Triffin dilemma and loss of confidence in the US
dollar
From the 1960s, there was a widespread concern of the
sustainability of the Bretton Woods system of using national currencies as
reserve assets. This was most closely associated with the Triffin dilemma,
which predicted a loss of confidence in the gold value of the U.S. dollar as
the value of liquid claims on the United States in the form of dollar foreign
exchange reserves increased. Triffin argued for the need to choose the rate
of global reserve growth collectively rather than allow it to be a by-product
of national decisions.
The SDR Substitution Account (1)
The IMF created the SDR (Special Drawing Rights) Substitution
Account in 1969. T he core idea of the SDR is that the SDR
Substitution Account Central Banks allows to diversify their existing dollar
reserves in a one-time conversion away from the dollar into IMF’s SDR,
comprised of the US dollar, European euro, Japanese yen and British pound, in
an off-market transaction, so as not to depress the dollar’s exchange
rate.
By public introduction careful terminology avoided the
label of reserve asset and suggested that the SDR was designed to add to
rather than replace existing (dollar) reserves. This was pure cosmetic.

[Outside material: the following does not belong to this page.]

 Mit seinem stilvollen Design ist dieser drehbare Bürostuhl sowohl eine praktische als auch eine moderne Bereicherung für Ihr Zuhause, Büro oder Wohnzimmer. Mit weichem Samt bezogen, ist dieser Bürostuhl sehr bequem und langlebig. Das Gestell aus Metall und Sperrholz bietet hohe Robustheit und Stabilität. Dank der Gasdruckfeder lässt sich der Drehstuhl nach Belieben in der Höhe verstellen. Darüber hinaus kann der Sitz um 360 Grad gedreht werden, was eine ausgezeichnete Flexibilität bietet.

2016 is like 1978 all over again, with other
actors
Since March 1973, exchange rates have become much more
volatile and less predictable than they were between 1945 and 1973, due to
among other things:
- The “Nixon shock”, termination in 1971
of the gold standard.
- The oil crisis in 1971, when the OPEC
quadrupled the price of oil.
- The harmful effect of this on the US
inflation and trade position resulted in a decline in the value of the
dollar.
- The loss of confidence in the dollar
that followed the rise of US inflation in 1977 and 1978.

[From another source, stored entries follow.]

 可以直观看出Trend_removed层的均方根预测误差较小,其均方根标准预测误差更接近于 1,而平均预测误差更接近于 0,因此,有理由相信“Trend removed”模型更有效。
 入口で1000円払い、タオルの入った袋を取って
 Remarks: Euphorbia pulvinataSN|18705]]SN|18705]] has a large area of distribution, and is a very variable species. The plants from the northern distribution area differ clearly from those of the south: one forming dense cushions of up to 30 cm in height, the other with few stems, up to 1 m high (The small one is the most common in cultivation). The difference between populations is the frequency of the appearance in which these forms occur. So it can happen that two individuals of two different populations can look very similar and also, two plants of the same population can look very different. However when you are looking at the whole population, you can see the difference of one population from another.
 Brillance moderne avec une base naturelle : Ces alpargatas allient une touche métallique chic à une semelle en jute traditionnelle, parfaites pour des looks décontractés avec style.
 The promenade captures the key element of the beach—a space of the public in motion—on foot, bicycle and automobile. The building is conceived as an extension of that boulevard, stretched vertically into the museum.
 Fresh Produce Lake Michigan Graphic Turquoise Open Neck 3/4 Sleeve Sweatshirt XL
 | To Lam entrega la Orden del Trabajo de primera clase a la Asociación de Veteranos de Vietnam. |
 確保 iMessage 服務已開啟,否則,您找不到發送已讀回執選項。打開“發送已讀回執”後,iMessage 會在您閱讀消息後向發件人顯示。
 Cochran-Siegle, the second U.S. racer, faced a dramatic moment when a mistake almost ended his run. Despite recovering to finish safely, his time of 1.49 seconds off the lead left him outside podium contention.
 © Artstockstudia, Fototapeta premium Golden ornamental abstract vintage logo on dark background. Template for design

The Chicago Tribune December 31, 1978 mentioned:
In 1978, President Carter was backed into a corner by the
flagging US dollar.
American style officially died in Washington at November
1, 1978. That’s when President Carter announced that he was supporting the
FED plan to rescue the dollar. It was a plan that was the opposite of
populism. The US alone was unable to defend the dollar. The plan was worked
out in a secret White House meeting on October 28, but could not be announced
until the President won the agreement of Japan, Switzerland and (West)
Germany.
The dollar rescue operations and the domestic
implications were the subject of hearings (2) before the Joint Economic
Committee, Congress of the US in December, 1978.

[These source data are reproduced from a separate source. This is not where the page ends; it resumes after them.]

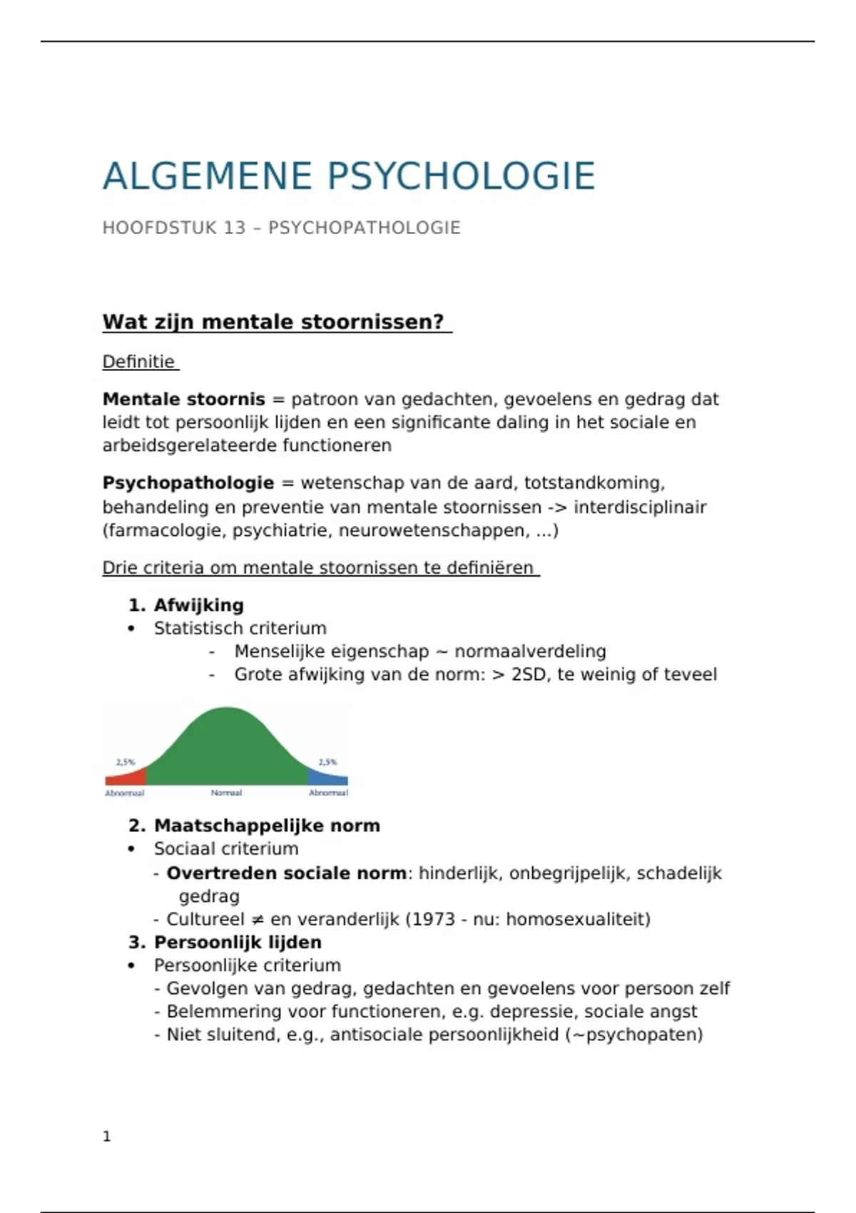 Samenvatting HS13 algemene psychologie (psychopathologie), 1ste bach klinische psychologie (UGent)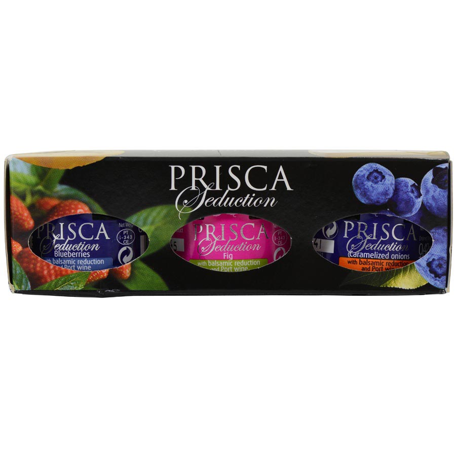 Blueberries, Fig and Caramelized Onions Spread SamplerThis lovely sampler by of spreads by Prisca offers the perfect combination of sweet and savory flavors. Enjoy three delicious spreads perfect to pair with cheeses, meats, foie gras and pates. Includes: Blueberries With Balsamic Reduction and Port Wine, Fig With Balsamic Reduction and Port Wine, and Caramelized Onions with Balsamic Reductions and Port Wine.Ingredients: Blueberries 53.3%, sugar, balsamic vinegar 6.7% and port wine 6.7%. Fig 53.3%, sugar, balsamic vinegar 6.7% and port wine 6.7%. Balsamic vinegar 35.9%, onion 30%, sugar, port wine 8.94% and oil.Availability: Usually ships within 1 business days. Product is non-perishable and can ship via Ground service.
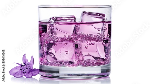 A close-up of a glass of water containing ice cubes and a flower on its side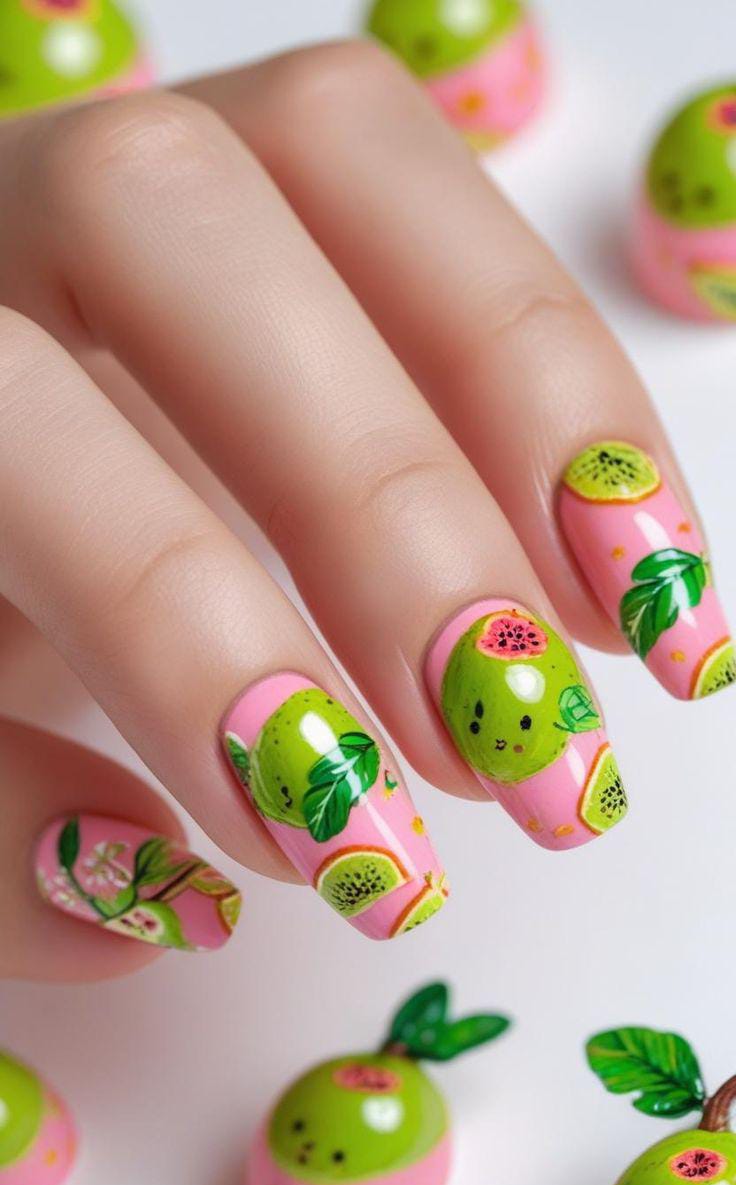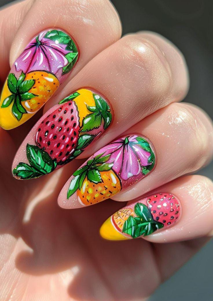 Bright, detailed fruit and leaf designs pop against a soft pink and yellow base, creating a lush tropical feel. The bold colors and glossy finish make this manicure look vibrant, playful, and full of summer warmth.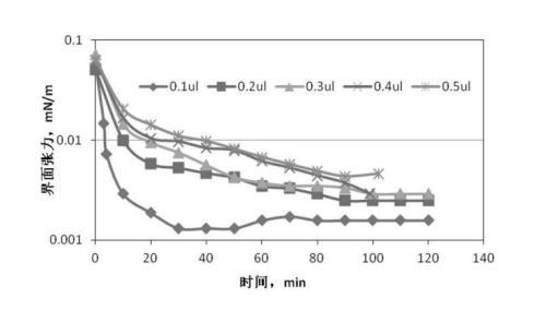 圖3、圖4是根據(jù)前述實(shí)驗(yàn)步驟1、2提供的配置與測(cè)量方法,油滴注入量分別為0.1μL、0.2μL、0.3μL、0.4μL、0.5μL,無(wú)堿二元驅(qū)配方體系與高凝油間界面張力的關(guān)系曲線。從圖2可知:無(wú)堿二元驅(qū)配方體系與高凝油間的界面張力達(dá)到超低界面張力的時(shí)間隨著油滴注入量的增多明顯延長(zhǎng),注入油滴0.1μL,4分鐘達(dá)到超低界面張力,注入油滴0.5μL,40分鐘達(dá)到超低界面張力;從圖4可知:注入油滴量大于0.3μL以后,對(duì)無(wú)堿二元驅(qū)配方體系與高凝油間界面張力的測(cè)定不能持續(xù)2小時(shí),油滴在100分鐘發(fā)生斷開(kāi),對(duì)于高凝油而言,油滴注入量小于0.3μL較適合。

In his opening statement of the hearings on December 14,
1978 Henry S. Reuss (co chairman) said that the committee supported
President’s dollar rescue actions. This included an austere budget policy and
a shrinking budget deficit, tighter monetary policy, and joint intervention
in support of the dollar with (West) Germany, Japan an Switzerland, to which
the US committed $ 30 billion of their own resources. Because of the drastic
drop in the dollar’s external value last summer and fall, drastic steps were
clearly necessary.
Nowadays the dollar is in an even worse condition,
although the US is keeping up the appearances of a strong dollar for the
majority of the population, among other things through suppression the gold
price by the BIS-network.
The present foreign exchange
reserves and debtor countries
The worldwide foreign exchange reserves are rapidly
growing. In 2012 the US dollar counted for 54% of the total foreign exchange
reserves. That’s approximately 54% of $ 12,000 billion is $ 6,500 billion of
the American national currency in the hands of other countries. $ 6,500
Billion held by debtor countries depending on US national decisions (like
ZIRP and printing money).
As Triffin’s dilemma predicted the US dollar is less and
less accepted as the world’s reserve currency, as the money printing is
enormous, the US ever lasting trade imbalances and debtor countries don’t get
any interest on their US dollar reserves. It’s not surprising that a new
vocabulary word arises in 2009: De-dollarization. In 2009 Chinese leaders for
the first time express their concerns about their US dollar holdings. They
want to replace the US dollar into the SDR. Several debtor countries convert
(a part of) their dollar reserves already into physical gold, before the
foreseeable devaluation of the dollar.
One-time off-market conversion away from the US dollar
into SDR?
We think that the IMF and others are working on a
one-time off-market conversion up to a maximum of $ 6,500 billon into SDR
with a gold-backing. Although there was in the 1970s a concern that giving
the SDR a gold backing might resurrect the role of gold in the International
Monetary System, without it would be difficult to sell the SDR agreement to
the national parliaments (read China). The amount of gold that would need to
be pledged to support SDR Substitution Account depended on assumptions of the
relative dollar price of gold and the dollar exchange rate.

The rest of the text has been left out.